Fly Out caught up with Anthony to get the low down on that day, and the epic trout that made it so memorable.
FO: What was the day like leading up to hooking into that monster? What were you doing in AK?
AC: My fiancé, Erika, and I had traveled up to Alaska to attend our good friend, Lee Kuepper's, wedding. To my benefit, Lee just so happens to be a top shelf guide on the Kenai River, and was able to finagle a few days off prior to the wedding to soak us some leisure time on the water with a few of us boys. It was a laid back, beer drinkin' type of day, and I certainly wasn't hard pressed to catch many fish. Just being out there with a good friend that I hadn't seen in over a year, catching up, and enjoying the 70 degree summer weather was the only agenda we had.
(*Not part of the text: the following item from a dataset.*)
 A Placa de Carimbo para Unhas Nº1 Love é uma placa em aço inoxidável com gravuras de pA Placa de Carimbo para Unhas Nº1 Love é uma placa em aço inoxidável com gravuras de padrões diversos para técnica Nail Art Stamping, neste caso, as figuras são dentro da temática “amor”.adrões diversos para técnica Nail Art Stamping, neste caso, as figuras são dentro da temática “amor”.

Interestingly enough, while we were sitting at the ramp rigging up rods, I decided to pull all the line off of my reel for no real reason in particular. When I got about 10 feet into the backing, I found a knot where the backing had doubled over itself and locked the line from coming out. Kharma......? Maybe Fate......? Looking back now, catching this potential game-stopper would prove to be pretty damn important about four hours later.
FO: How was the fishing?
AC: We'd been pounding the banks with flesh and hitting solid fish pretty consistently all morning. We had put some good two footers to the net and I was happy with that. We were getting towards the end of the float – coming along a big shady bend when the bobber disappeared again.
FO: Did you know it was huge when you hooked it?
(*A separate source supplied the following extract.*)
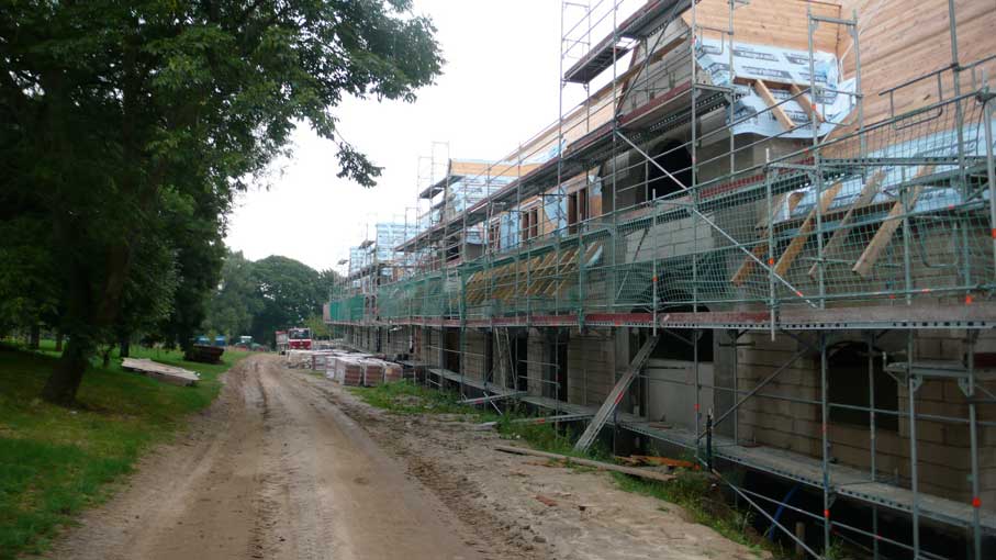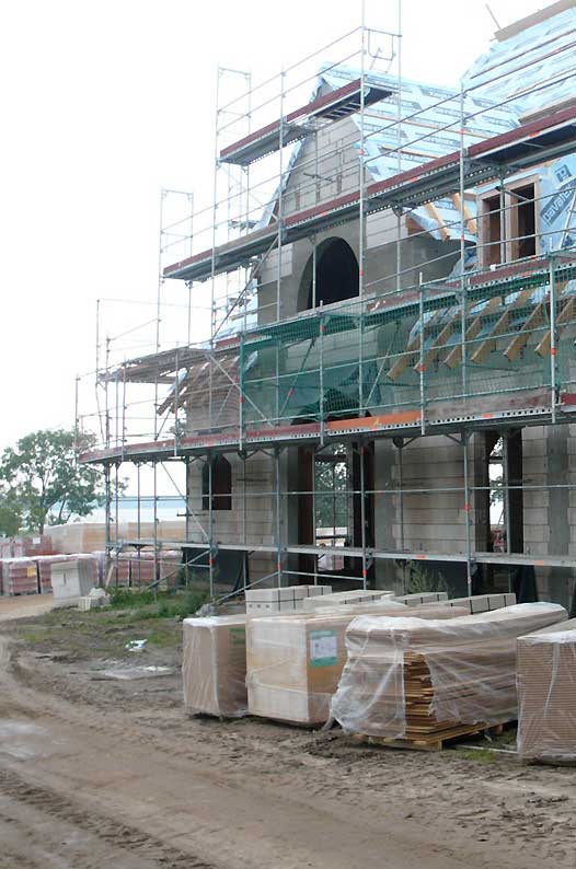 Man nennt ihn hier den Junker Graf, weil er so tut als wär er mindest zwei davon. Der hier baut, in Dimensionen von Görings Carinhal in der Schorfheide und kommt doch nicht ran.

AC: Yes. Though honestly, for the first 10 seconds I thought it mayhave been a Sockeye snagged in the butt.
FO: How was the fight?
AC: The initial run was impressive. It shot directly upriver and was quickly into my backing, similar to a coastal Steelhead from back home. Lee was pulling on the sticks hard to try and lessen the distance, but the current in this main flow was strong and it was all he could do to slow us down. I bent the rod to the cork and turned his head back downriver. Fortunately, you don't have to be that tender with 12lb flouro. After some strong, steady head shakes and a few more runs, he rose from the blue water and just hovered near the surface. Lee, not thinking that it was even close to ready yet, was focused on finding a place to eddy out. I looked back at Lee and said "I think he may be ready." You don't expect the fat kids to have that much stamina anyways.
FO: What was the most remarkable thing about that fish?
AC: I was shocked by how flawless the fish was. Not a single scar or blemish on her. Many of the big fish on Alaska's popular waters seem to often have some battle scars from their angling encounters earlier in life. This fish was clean as a whistle. The girth was ridiculous. My arms were sore from holding it out of the water for the few seconds for that "Hero Shot." As I was releasing it, it finally set in how spectacular this fish was. As it eased back into the blue, and the broad shoulders faded away, we all just sat around for a few minutes in quiet awe.
Hands down the biggest trout I've held, and probably will ever hold. As a guide myself, I was just happy to be the one holding the rod that day. Catching a fish like that is a once in a lifetime experience. I feel very fortunate.